The cynical expression leached from his face. Eyes fully open, he stared at her.

‘All this concern, the pallor in your face, your agitation, your change of mind regarding our arrangement, it all stems from a desire to protect my reputation?’

‘Yes. You see...’

He flung back his head and laughed.

She firmed her mouth and turned her head away. The headache, which had been building all day, was now making her entire skull feel too tight. She wanted to go home.

‘No, now, Miss Gibson, please do not take offence,’ he said. ‘It is just that my reputation is already so blackened, that the notion of anyone trying to defend it is beyond priceless.’

‘Yes. I quite see,’ she said, getting unsteadily to her feet. ‘If you will excuse me, Lord Deben, I shall remove my quite-unnecessary presence from your vicinity, your life, and no doubt within a very short space of time, your memory...’

He leapt to his feet and seized her wrist, all traces of humour vanished. ‘Your presence in my life is far from unnecessary.
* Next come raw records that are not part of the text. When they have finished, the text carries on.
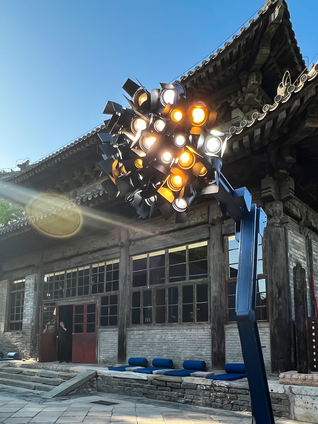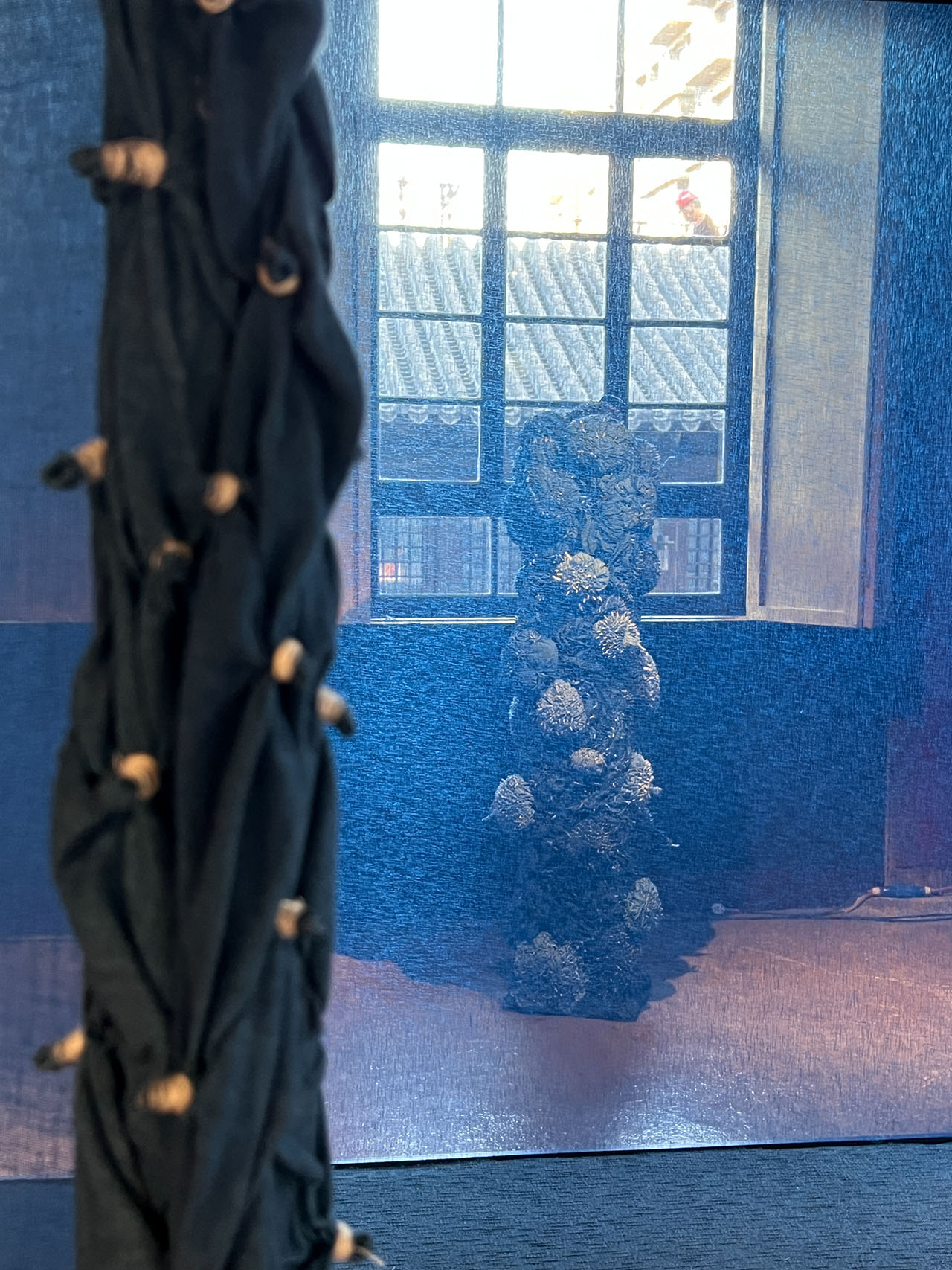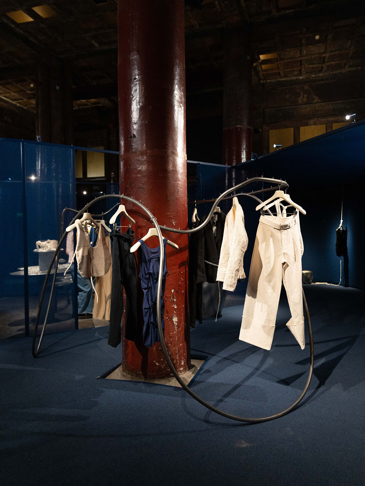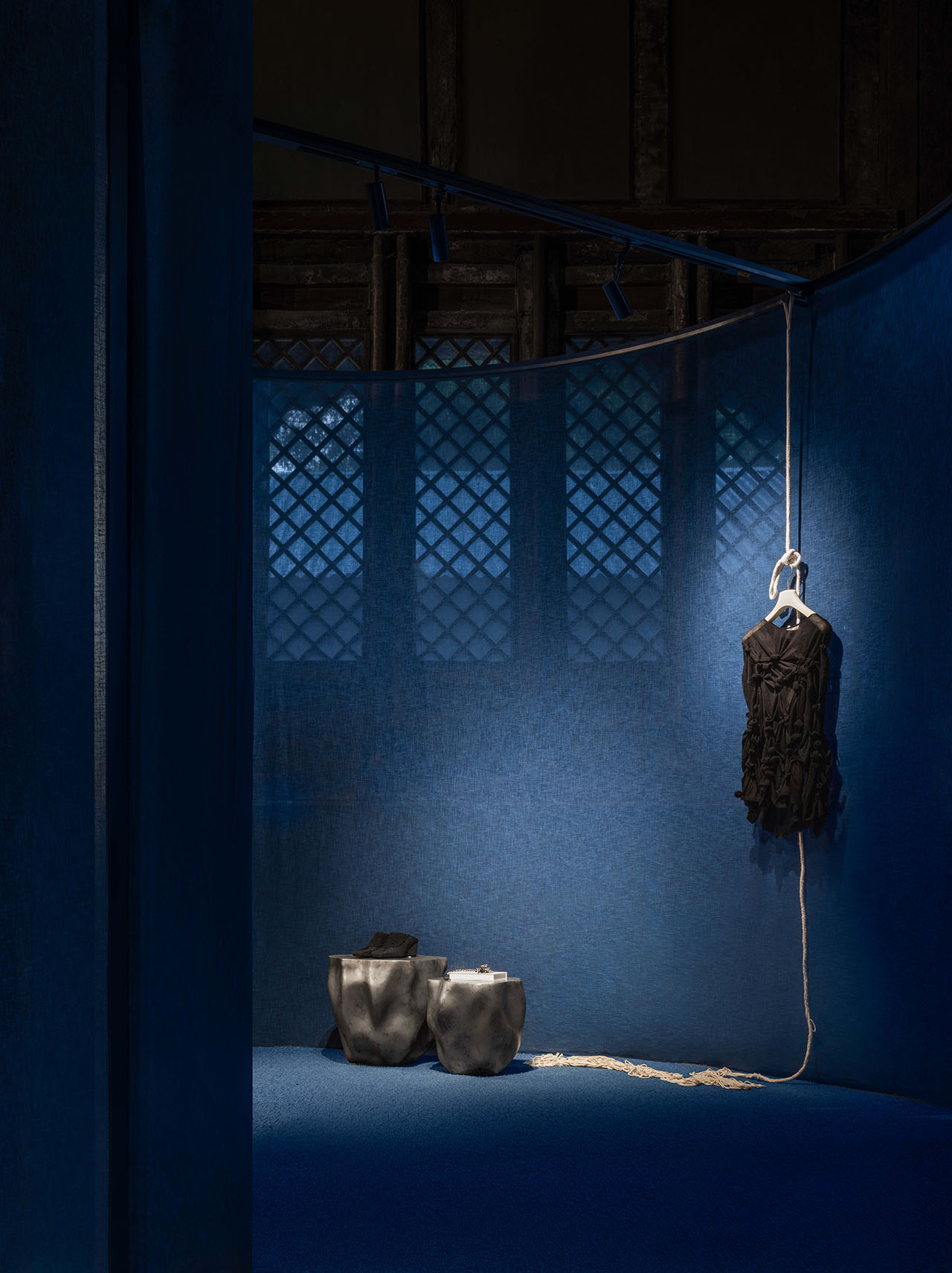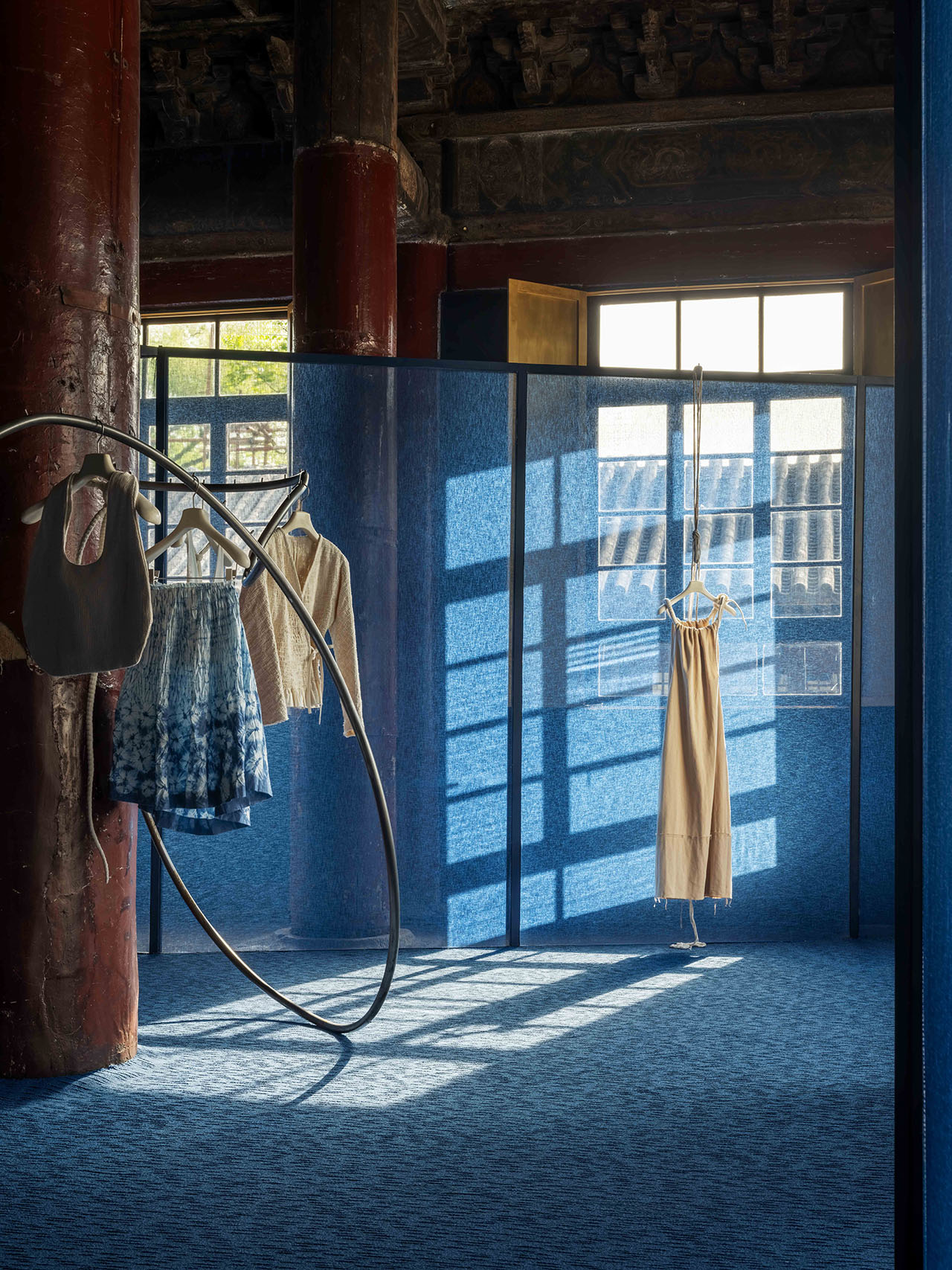 主要展陈区域位于原寺中轴主殿。织物分割之中,投射着若隐若现的东方秩序,蓝色的半透明混纺亚麻解构了传统的木构建筑语言,保持了整体设计的连贯性,它们以柔软的姿态重构空间,与定制的剑麻地毯一同建立起一种模糊边界、富有节奏的系统。大殿中央被隔开,统一的大空间此时具有了非明确指向的导向动线,成为了不完全封闭的布景,唤起漫步于美术馆的感受。行走其间,移步异景,百年古寺被分隔引导,大空间和小空间若隐若现,林芳璐的作品和联名系列融入空间各处,风景接连呈现。
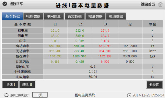 实时监测进、馈线基本数据,包括电压、电流、功率、功率因数、频率、电能数据、电网质量、谐波、需量、极值等。
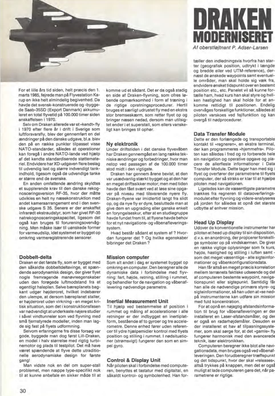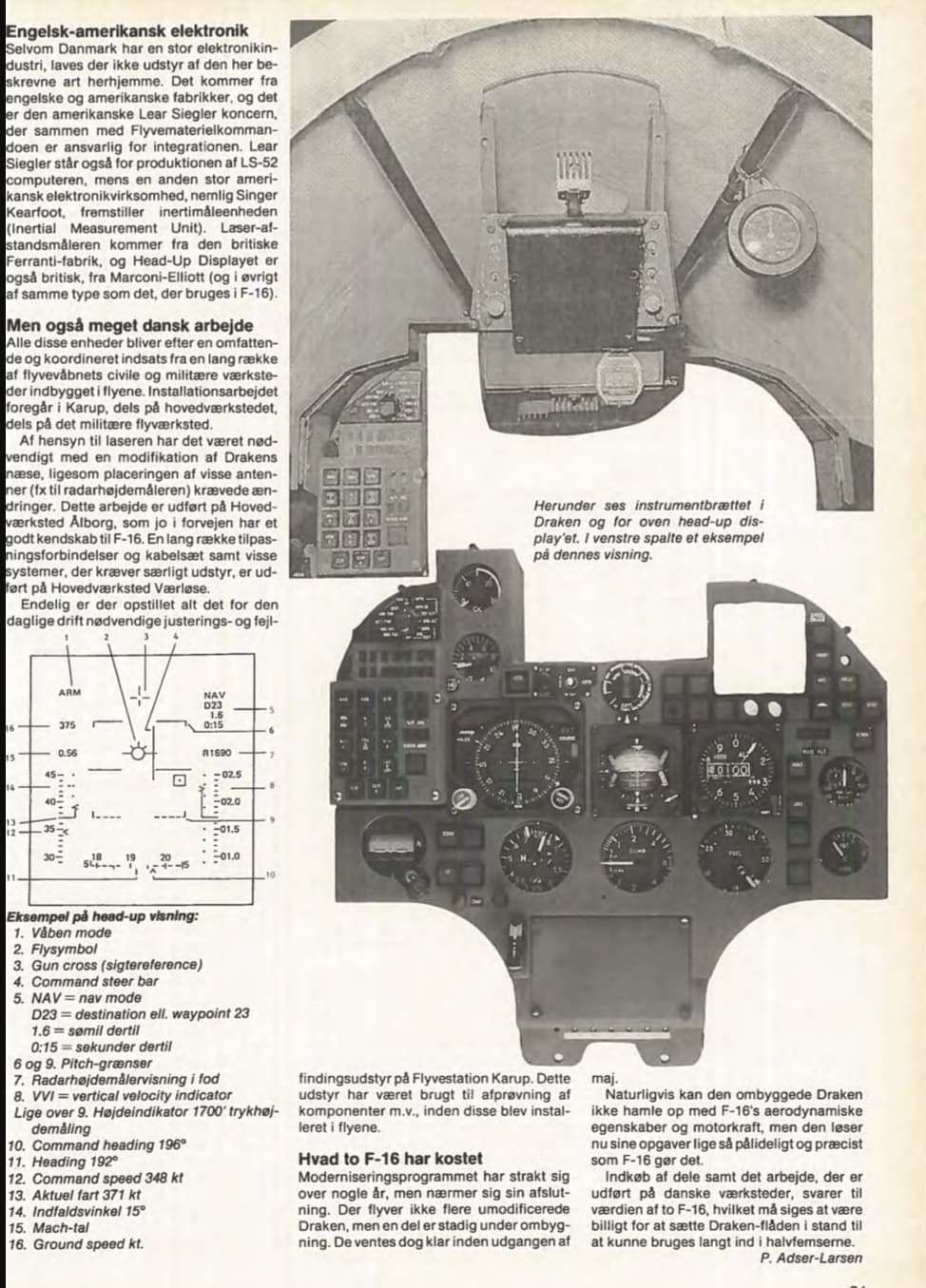 The page is a personal memoir from a former Danish Air Force officer VAD (Shortened name) reflecting on his time in the 1980s as a pilot for the RDAF.
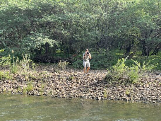 Auf dem Rückweg überqueren wir einen kleinen Fluss, was den einen Franzosen, den mit dem riesigen Objektiv, mit dem er bestimmt wunderare Tigerfotos gemacht hätte, auf die Idee bringt, den Jeep dabei zu fotografieren. Also steigt er aus, bleibt am Ufer stehen, während wir noch einmal zurück fahren und dann das Wasser noch einmal durchfahren. Damit hat er bestimmt gute Bilder bekommen, die unsere abenteuerliche Fahrt durch den Dschungel perfekt dokumentieren.
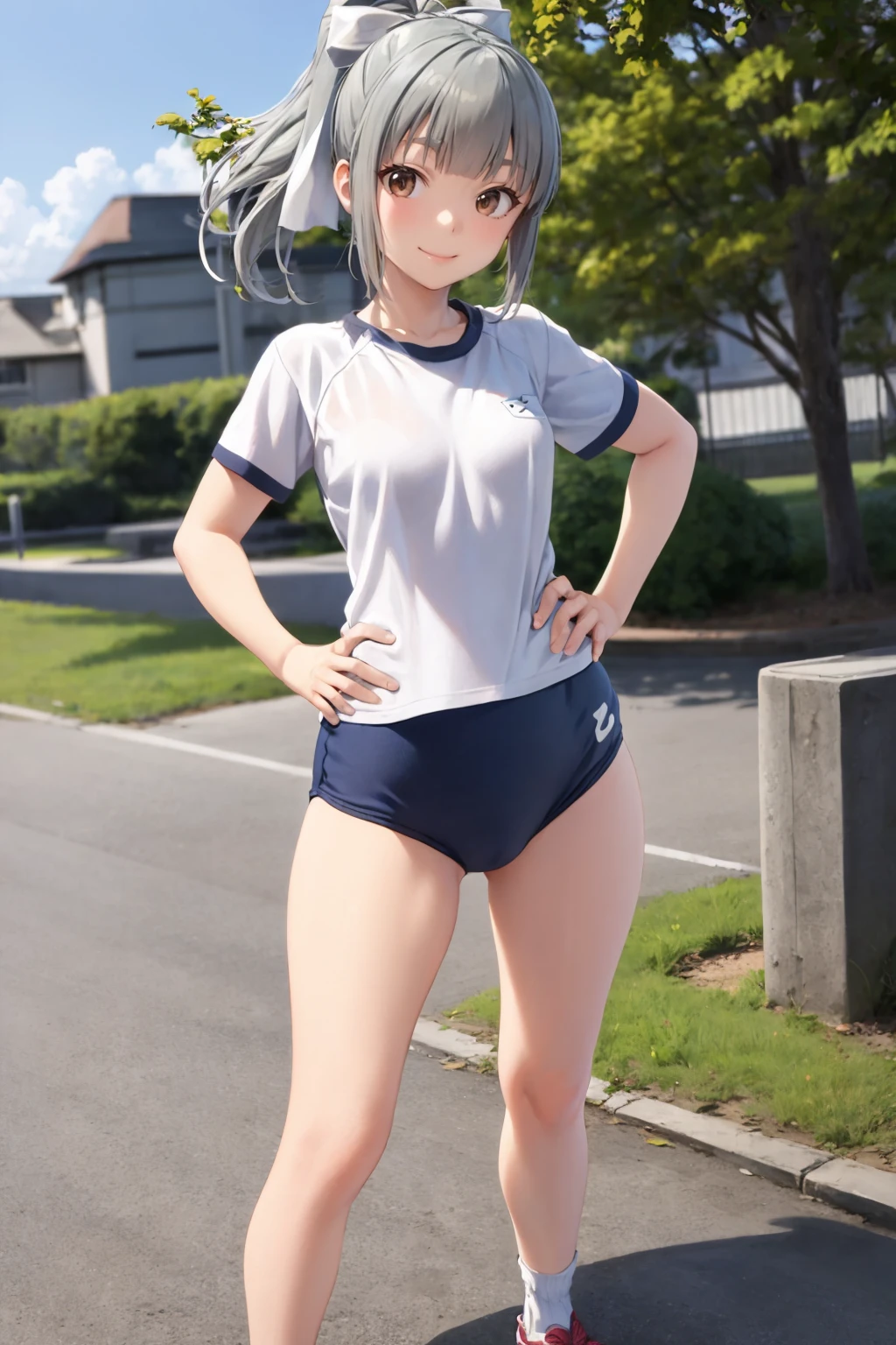 Basic prompts : 1girl, yuubari \(kancolle\), grey hair, ponytail, bangs, brown eyes, hair bow
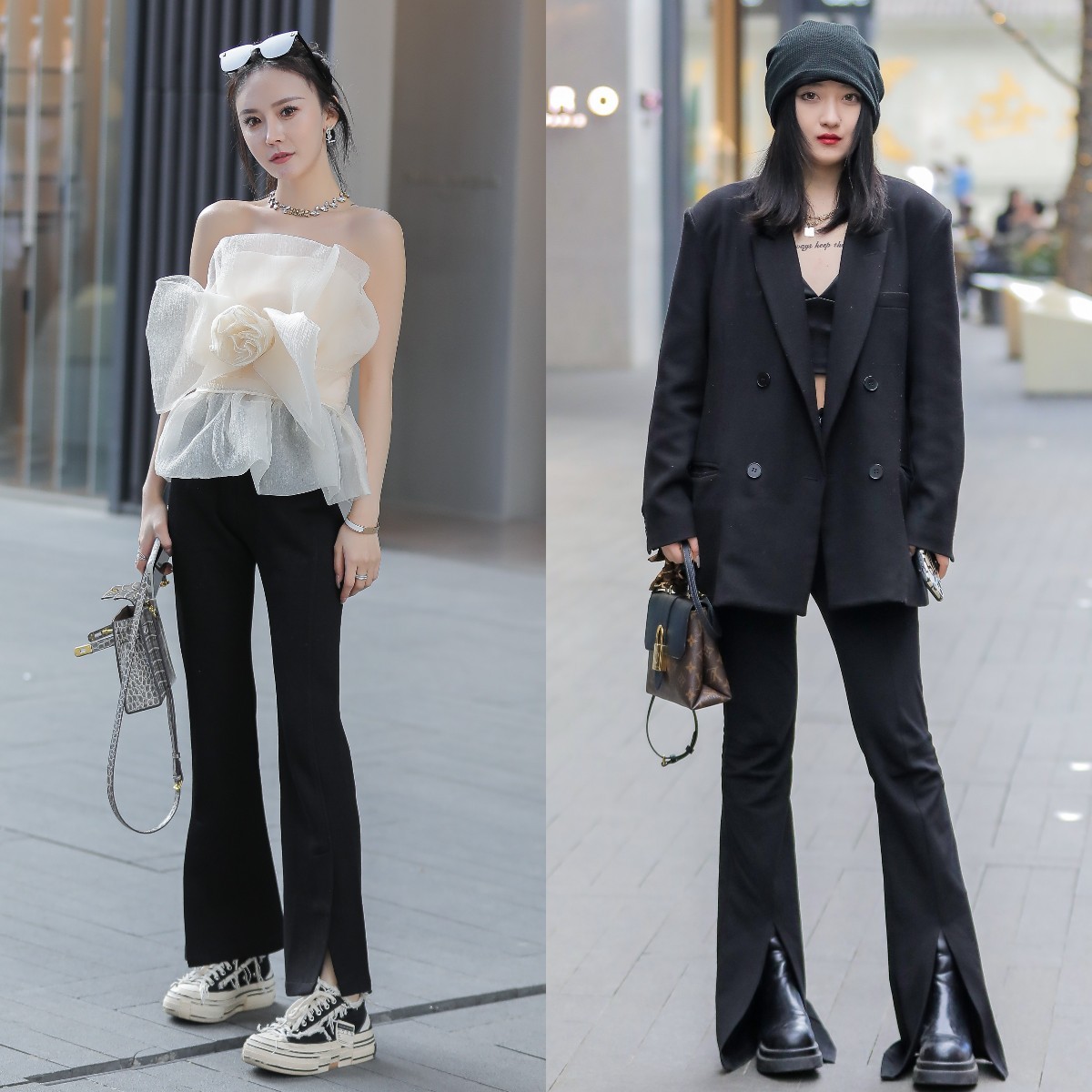 在挑选喇叭裤的时候,其实需要注意的地方不多。而其中最重要的就是裤脚的设计,裤脚带有开叉设计的喇叭裤,不仅能在视觉上延长小腿线条,还能给人一种个性时髦的气质感。
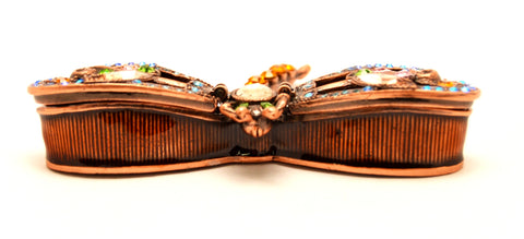 Celebrate the beauty of nature with this stunning Dragonfly Trinket Box by Ciel Collectables. Crafted from durable pewter metal, this elegant keepsake box features hand-painted brown enamel with copper plating, adorned with hand-set multi-color Austrian crystals that sparkle from every angle.
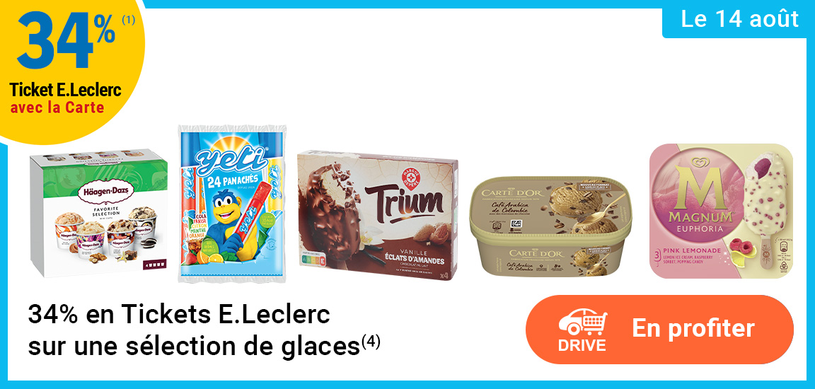 Auteur Sujet: Leclerc : 34% en tickets leclerc sur une sélection de glaces (Le 14/08)  (Lu 1030 fois)
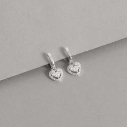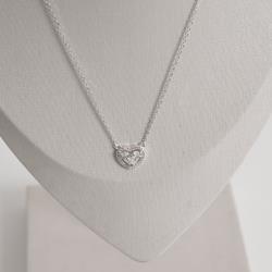 Conjunto argola click 11mm e colar entremeio coração vazado cravejado 11mm 40+5cm | Mya Prata
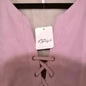 NWT Free People Pink Zephyr Mini Dress, Color Pink/Rose with Soft Suede-Like Material, Lace-Up, Size Medium.
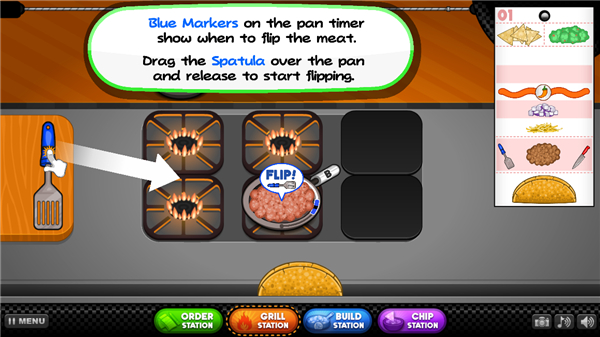 1、下载完成后进入游戏后,制作塔克的第一步就是煎肉。

You may not believe it, Miss Gibson, but...’

But how was he to finish that sentence? She’d never been further from being receptive to a declaration. He’d given her the perfect opportunity to tell him if she was softening towards him and she’d said he was being absurd. If he told her that he only wished to stop the charade because he wanted them to have a real relationship, that in fact he wanted to marry her, in the mood she was in, she’d turn him down flat.

Well, he wasn’t going to give her the chance to humiliate him with a refusal. No woman would bring him to his knees. He had his own methods of getting what he wanted, which would be much more effective than making a formal proposal.